The development of project management in the Slovak Republic started after 1989 and is supported mainly by the Project Management Association of Slovakia (PMAS). For several years, the PMAS has promoted relevant professional development, qualification enhancement, exchange of information and experience, certification process, introduction of sophisticated systems, and consultant and consultation services.
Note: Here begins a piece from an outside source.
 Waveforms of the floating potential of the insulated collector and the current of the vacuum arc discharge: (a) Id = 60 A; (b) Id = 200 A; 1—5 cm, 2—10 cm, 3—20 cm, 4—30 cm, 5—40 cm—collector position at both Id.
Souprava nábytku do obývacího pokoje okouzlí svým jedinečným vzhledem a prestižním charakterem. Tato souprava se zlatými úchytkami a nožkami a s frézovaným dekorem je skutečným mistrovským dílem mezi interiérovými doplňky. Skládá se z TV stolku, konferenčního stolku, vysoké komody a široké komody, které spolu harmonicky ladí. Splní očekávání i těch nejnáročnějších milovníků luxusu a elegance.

Several surveys in the field of project management were conducted in the period 2001-2010.

A survey in Slovak enterprises in the period 2001-2003 highlighted the following facts (Hrablik Chovanová, 2010):

  • Most of the projects are not planned by using the programs which facilitate the planning process (some enterprises use the SAP R3 module).

  • Major problems occur in obtaining funds from banks in larger investment projects.
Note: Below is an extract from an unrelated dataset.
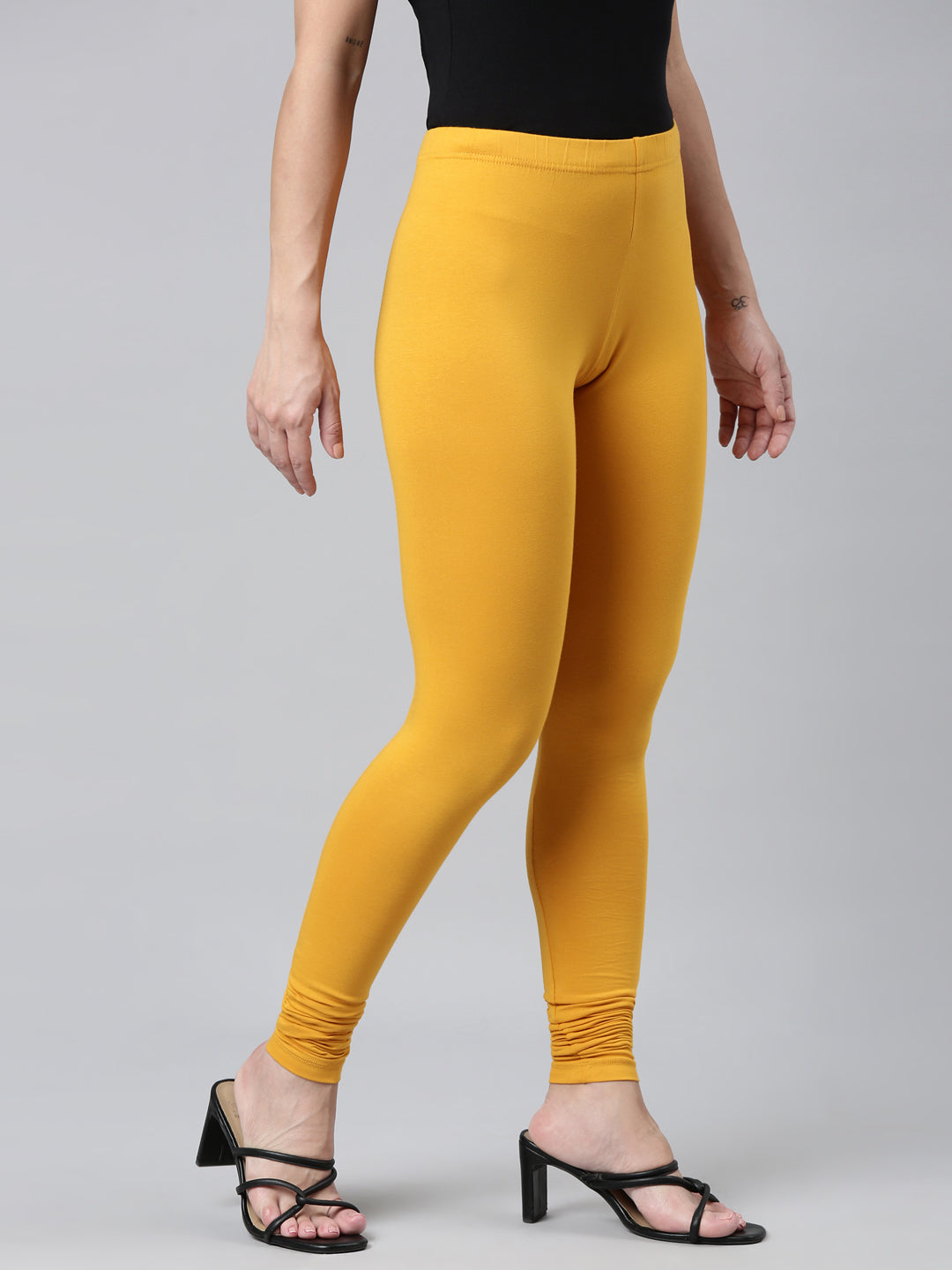 Go chic with a pair of Bright Mustard Solid Churidar Leggings. Made from high quality cotton, it has a elasticised waistband & gathers at the hemline.

  • Enterprises still simulated on real models, although the simulation would reduce the cost in wrong decisions.

  • Employees who are responsible for project management are not sufficiently familiar with project management methods and project management support programs; also, some do not even know the basic project management terminology.

  • Project managers are not certified, which may have a major impact on the acquisition of European Union projects in the future.

  • Lack of analysis of the stakeholders’ interests and of their attitudes towards the project.

  • Insufficient and often completely missing risk analysis of the project and its management plan

  • Insufficient knowledge of project financing.

  • Inadequate contractual provision of the projects.

  • Project management is mostly used in construction and consultancy organizations, but it should become a standard method to be used in industry, agriculture, public administration, and other sectors, as it is in most of European Union countries.

According to a survey PM Solutions conducted in the United States with the participation of 74 project management practitioners, the major challenges today's enterprises face are (Hrablik Chovanová, 2010):

  • Inconsistent approach (24%).

  • Difficulties in resources allocation (20%).

  • Too many projects are “wrong” (17%).

  • Projects are delayed and exceed budget (7%).

Key Terms in this Chapter

Project Management Maturity: A progressive improvement of broad business approaches to project management, methodologies, strategies, and decision-making. An appropriate degree of maturity applies to each organization, depending on its specific goals, strategies, resource capabilities, possibilities, and needs.

Maturity Models: The official project management tool which is used to measure maturity in enterprise project management.

Project: A temporary effort to create a unique product or service (PMBOK).

Method: Technique of investigation or procedure; a systematic process in scientific and other activity, a thoughtful process (work) to achieve a certain goal.

Project Management: A summary of management tasks, management organization, management techniques, and managing means for project realization.